MADRID, 22 de junio. La situación en Líbano es desgarradora. Desde que el pasado 2 de marzo estallaran nuevamente los combates entre el Ejército israelí y Hezbolá, el número de muertos ha superado ya la escalofriante cifra de 4.000 personas. Las autoridades libanesas han informado que, hasta ahora, se cuentan 4.106 fallecidos, entre los que se encuentran 135 valientes profesionales sanitarios que han puesto su vida en riesgo para salvar a otros.
Pero eso no es todo; también hay más de 12.000 heridos como resultado de estos brutales bombardeos, que no cesan ni siquiera con el alto el fuego supuestamente acordado a mediados de abril. Es frustrante pensar que estas promesas no han servido para detener el sufrimiento de una población ya golpeada por años de conflicto.
Un conflicto sin fin
A medida que la violencia continúa, las tensiones se intensifican también a nivel diplomático.
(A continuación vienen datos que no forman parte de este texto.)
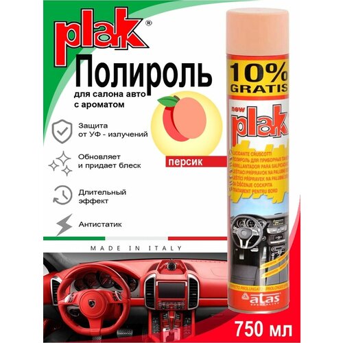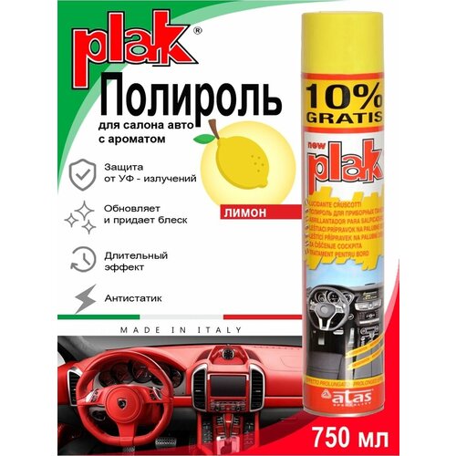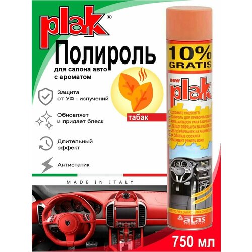 PLAK Полироль для салона авто (750 мл) - продукт проверенного качества, представлен на рынке уже около 30 лет и считается основным средством по уходу за салоном автомобиля. Полироль для пластика автомобиля на основе особых силиконов придает блеск и защищает от пыли приборную панель и детали салона из пластика, дерева и кожимита. Антистатик для автомобиля обладает антистатическим действием, отталкивает пыль. Полироль для автомобиля замедляет изнашивание деталей, очень экономичен, эффект сохраняется на длительное время, легко наносится. Кроме того, рекомендуется использовать полироль автомобиля как полироль для мебели, а также мраморных и резиновых поверхностей. Полироль для машины также может применяться и в быту для полировки мебели. Полироль Plak предназначен для ухода за приборной панелью и пластиковыми деталями салона, содержит освежитель воздуха продленного действия. Автохимия возвращает первоначальный блеск всем пластмассовым, виниловым и резиновым элементам отделки салона автомобиля, создавая на поверхности стойкий антистатический слой, отталкивающий пыль и грязь. Также полироль для автомобиля для пластика позволяет создать глянцевое покрытие. Способ применения: тщательно взболтайте содержимое баллона; распыляйте аэрозоль на поверхность с расстояния в 20-25 сантиметров; отполируйте поверхность мягкой не ворсистой тряпкой.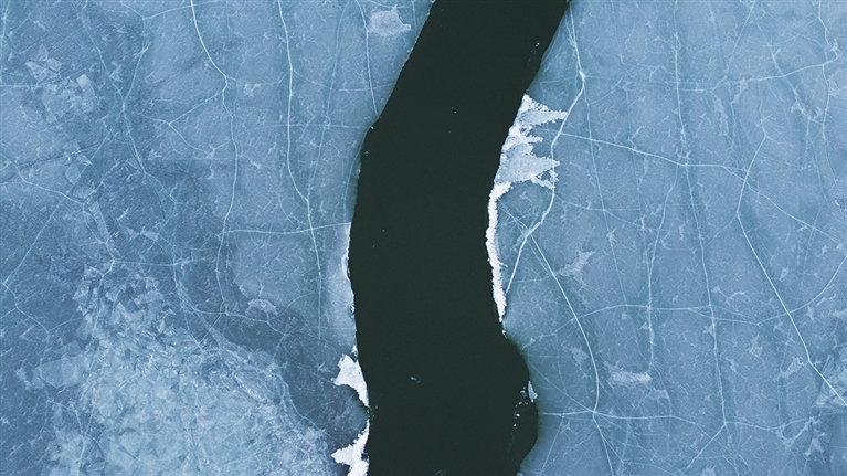 近期,随着天气转暖,位于内蒙古呼伦贝尔大草原腹地的呼伦湖上的冰面开始消融,形成了独特的开湖景观。 新华社 发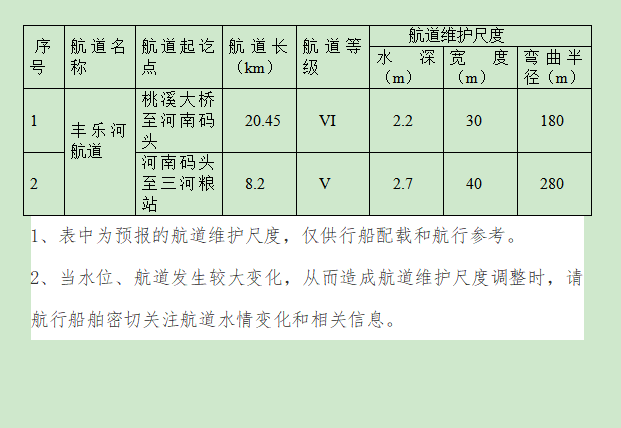 2025年12月份航道维护尺度信息表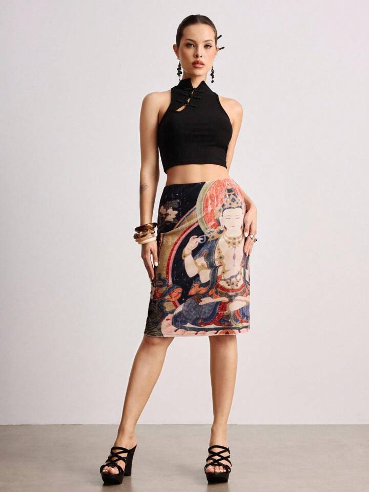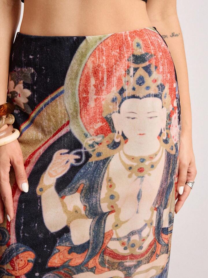 ROMWE Avant Gonna a matita da donna con dipinto estetico orientale di Buddha Thangka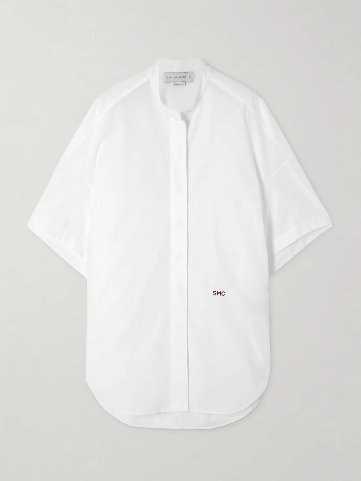 Stella McCartney's shirt is cut from cotton-poplin in a loose, oversized shape. It has a chic grandad collar and especially voluminous sleeves. The designer's initials are stitched in contrasting threads at the waist. Lower-Impact Materials. This product is made using at least 50% lower-impact materials or ingredients. Find out more about our NET SUSTAIN criteria here.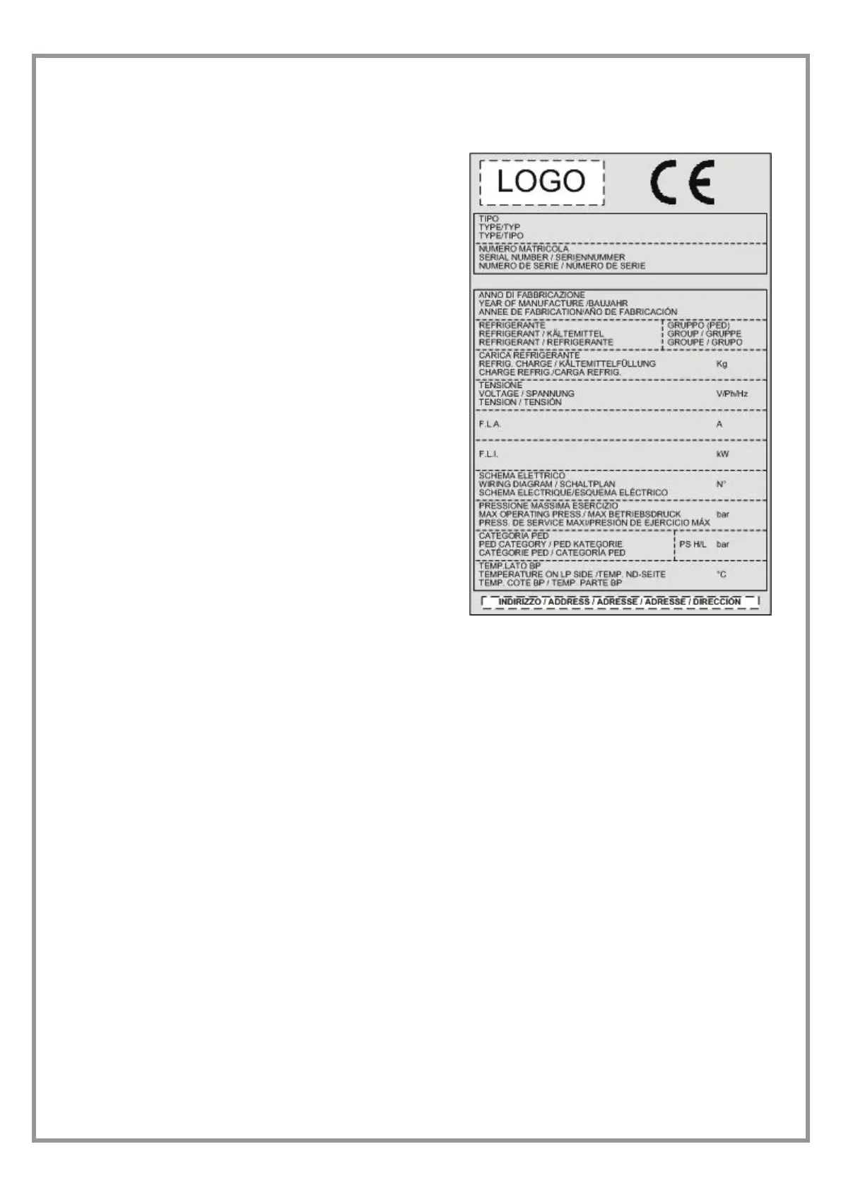 logo and address of the manufacturer.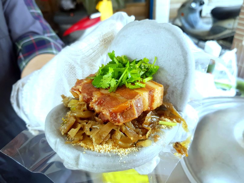但整體好吃,酸菜脆、2cm厚的三層肉很柔軟,還有花生粉的甜香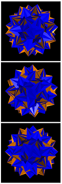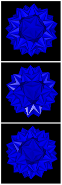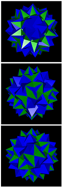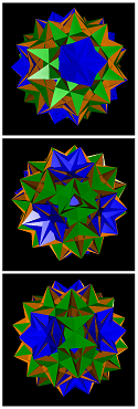 Le gidrid (grand dirhombicosidodecaèdre) contient 24 pentagrammes, 40 triangles and 60 carrées. Sa symétrie est icosaédral. Les bord du gidrid peuvent être connectés par des pentagrammes (nombre première), des triangles (nombre deuxième) et des carrées (nombre troisième). Comme ça, un grand nombre des polyèdres est possible. La groupe avec une axe de rotation 3-fois autant contient 117.800 non-compound facettes. C'est pour ça que Klitzing ne l'a pas analysé en détail. Dans la groupe icosaédrale, il y a 2 figures. Ce sont le le gisdid (grand dodecicosidodecaèdre émoussé) et le gidrid. Pour montrer les relations avec d'autres groupes de symétrie, le compound de 20 octaèdres et le compound de 20 thah's (thah = tetrahemihexaèdre) sont énoncés aussi. Le thah est l'octaèdre sont les seuls non-compound facettes du gidrid avec une axe de rotation 3 fois autant qui n'ont pas de pentagrammes. Enfin, dans la groupe axial 5 fois autant, il y a 15 polyèdres antiprismatiques, 9 antiprismatique-chirals, 10 avec une symétrie pyramidal-nonchirale, 120 avec une symétrie de reflection rotationale, et 250 avec une symétrie pyramidal-chirale. On peut voir que tous les facettes 5 fois autant ont tous les 24 pentagrammes. |

Los ataques militares y la invasión constante del sur del país se han convertido en un verdadero obstáculo en las negociaciones entre Estados Unidos e Irán. Este lunes, Irán reiteró su postura: la paz comienza por poner fin a las agresiones en Líbano, defendiendo así un enfoque claro: «compromiso a cambio de compromiso».
No podemos quedarnos impasibles ante esta realidad; cada número representa una vida humana destrozada y familias desoladas. Y mientras nosotros seguimos leyendo estas noticias desde lejos, ellos viven un día a día lleno de incertidumbre y dolor.